The Contax camera was introduced in 1932 by the Carl Zeiss Foundation to compete against the first 35mm camera, Leica. In order to produce 35mm cameras, Carl Zeiss had bought a number of smaller camera companies and combined them to form Zeiss-Ikon. The Contax never had as many variants as the Leica. There were three major models introduced during production: Contax I, Contax II (world's 1st combined range/viewfinder, and Contax III (built-in light meter). For a long time, Contax and Leica were quite competitive with one another, each carving out most of the early 35mm camera market share. Some would consider Leica's camera designs superior, while others would point out that the Contax lenses were superior, due to Zeiss's extensive lens manufacturing experience. Contax II's top shutter speed of 1/1250 is odd, and was probably only designed so that they could claim superiority to Leica's top shutter speed of 1/1000. Interestingly, both companies, as well as others, made lenses to fit both cameras.

Eventually, as Leica and other companies continued to make improvements to their camera designs, Contax became more and more dated.
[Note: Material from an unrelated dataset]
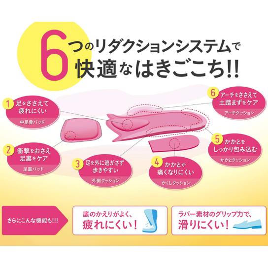 中足骨パッド・足裏パッド・外側クッション・かかとクッション・アーチクッションなど、足の構造に合わせたサポート機能を搭載。足への負担を軽減し、快適な履き心地を実現します。

Zeiss didn't modernize their design past the Contax III model, probably in part due to the fact that the Carl Zeiss factories were seized by the Soviet Union at the conclusion of WWII. The Contax rangefinder camera died a quiet death, while the name lives on as a well-respected brand.

In the following years, the Contax name was used in a variety of SLR models. Though some of these cameras made some innovations, they were never able to dominate the market in the way that the rangefinder camera ever did.

The Contax name is carried on a variety of high quality "boutique" 35mm SLR cameras (the Yashica and Contax 35mm SLR lens mounts are shared) and a recently released autofocus medium format camera. The Contax AX is a unique camera in that it achieves autofocus not by moving the lens (as is normal) but by moving the film plane. This concept is shared by the early-post-war Mamiya Six medium format camera, though of course the Mamiya is manual focus.

Interestingly, Nikon's first camera was a copy of the Contax rangefinder. Somewhat annoyingly, they got the lensmount slightly wrong so that lenses made for Contax fit the Nikon rangefinder and vice-versa, the focusing mechanism is slightly off. Nikon rangefinders continued to innovate, soon eclipsing the original. These classic Nikon rangefinders are collector's pieces, fetching many thousands of dollars; much more than the Contax originals. Interestingly, Nikon has recently reissued a rangefinder camera, as well as some compatible lenses.